The fused parietal bones form about two-thirds of the frill, and unlike the squamosal which is usually conservative across centrosaurines, these bones are mostly unique to a species and used for determining interrelationships. On each side of the frill, one parietal has seven undulations on the margin, as well as an undulation on the midline at the top of the frill; these would have been capped by epiparietals. Midline epiparietals are otherwise only known in chasmosaurines, and another contrast with other centrosaurines is that the frill is rounded at the back of the midline, with no indentation there. The median bar between the fenestrae is thin near the margins but thick at the midline, and is strap-like overall. The upper side of the median bar is convex at the front, and forms a low, rounded ridge with five undulations of varying height along the midline.
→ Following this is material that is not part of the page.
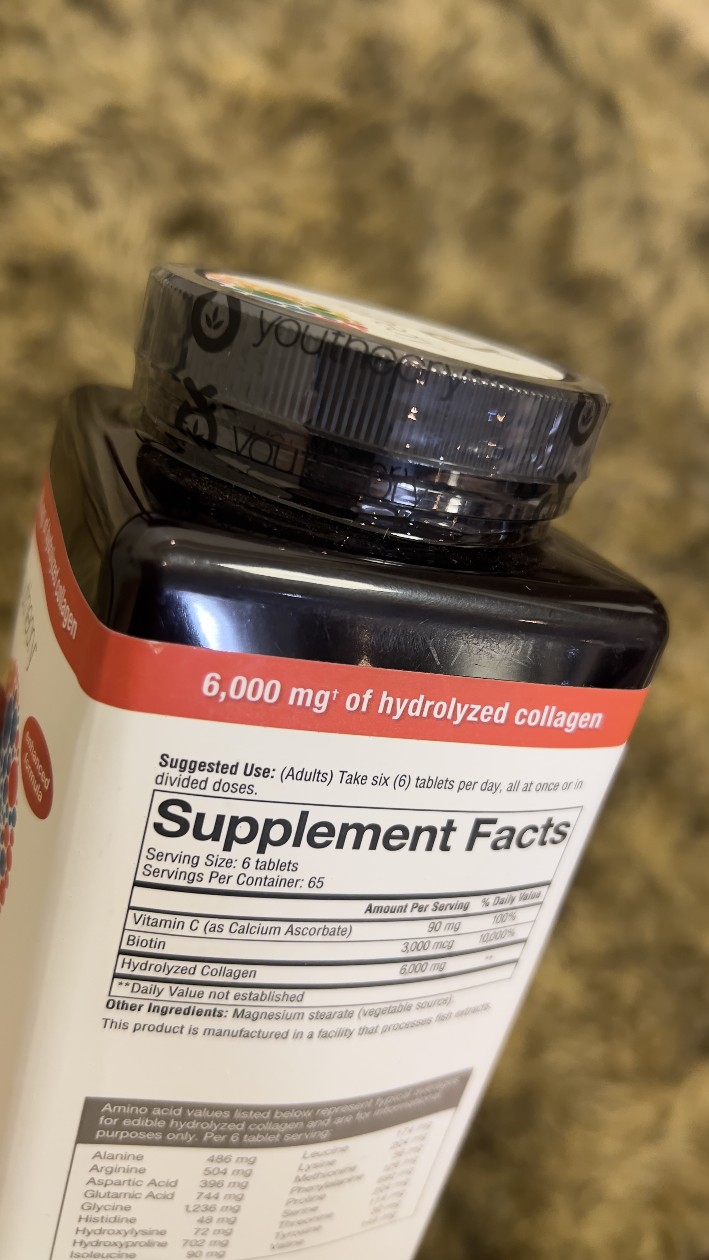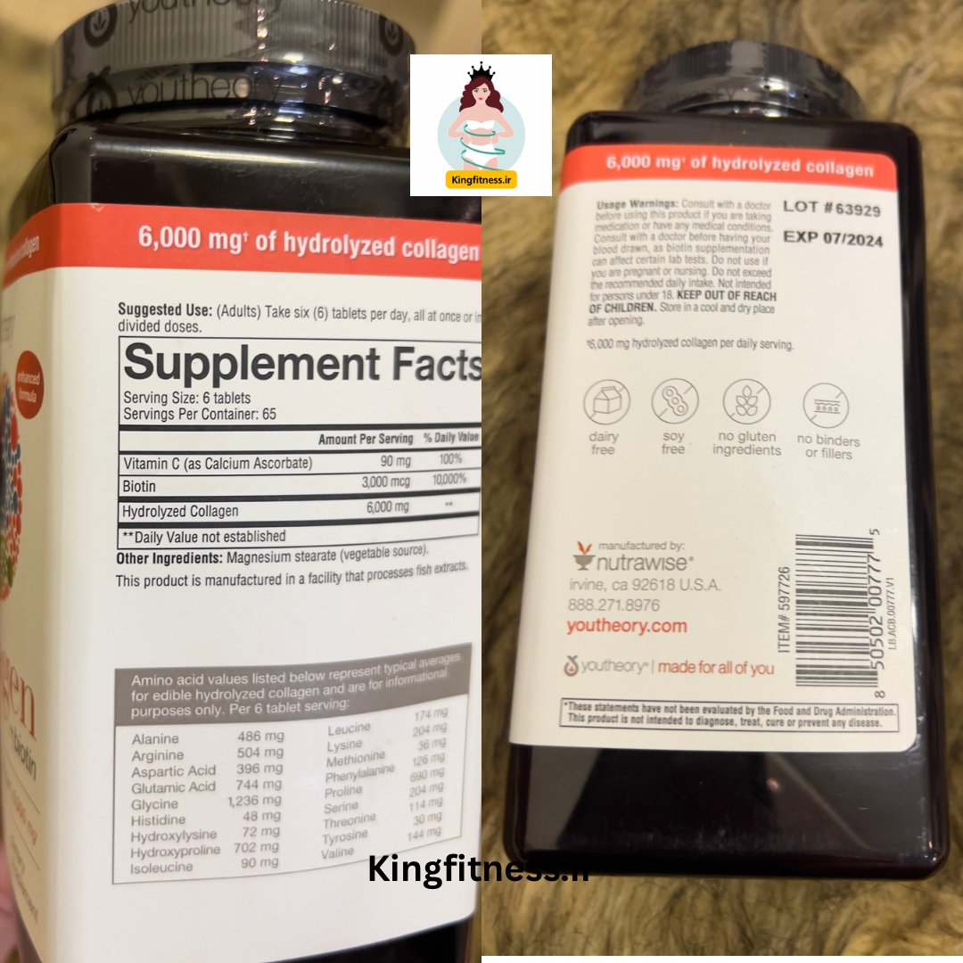 مکمل کلاژن برند Youtheory در هر وعده غذایی مقدار6000 میلی گرم کلاژن هیدرولیز شده و 90 میلی گرم ویتامین Cرا وارد بدن می کند. فرمولاسیون پیشرفته و هیدرولیز شده ی کلاژن که حاوی 18 اسید آمینه است، به راحتی هضم شده و به سرعت در بدن جذب می شود و کلاژن بدن را مجددا بازسازی می کند. پپتید های کلاژن به همراه ویتامین Cبه احیا و تقویت پوست، مو، ناخن، تاندون ها و رباط ها و ... کمک کرده و با اثرات پیری مبارزه می کند. قرص کلاژن یوتئوری فاقد لبنیات، سویا و گلوتن می باشد.

The median bar widens toward the top of the frill, where it widens into the also broad and strap-like transverse parietal bar. The forward projected ramus on the side of the parietal rounds out the frill and encloses the fenestrae; the ramus is thickest near the side edges where the marginal undulations and epiparietals are located, and thinnest towards the fenestrae. The epiparietals are low, roughly crescent-shaped, and asymmetrical, and their lower surface is slightly concave. They project outward on the same plane as the underlying part of the parietal, with some downward flexion. They are of almost the same size along the hind and side margins of the frill, but are slightly smaller towards the front. The frill lacked the well-developed hooks and spikes that are otherwise typical for centrosaurines. Since the holotype was not fully grown, it is possible such hooks would have developed as it matured, but this is considered unlikely due to the fusion of its epiparietals on the frill and fusion of other bones related to maturity.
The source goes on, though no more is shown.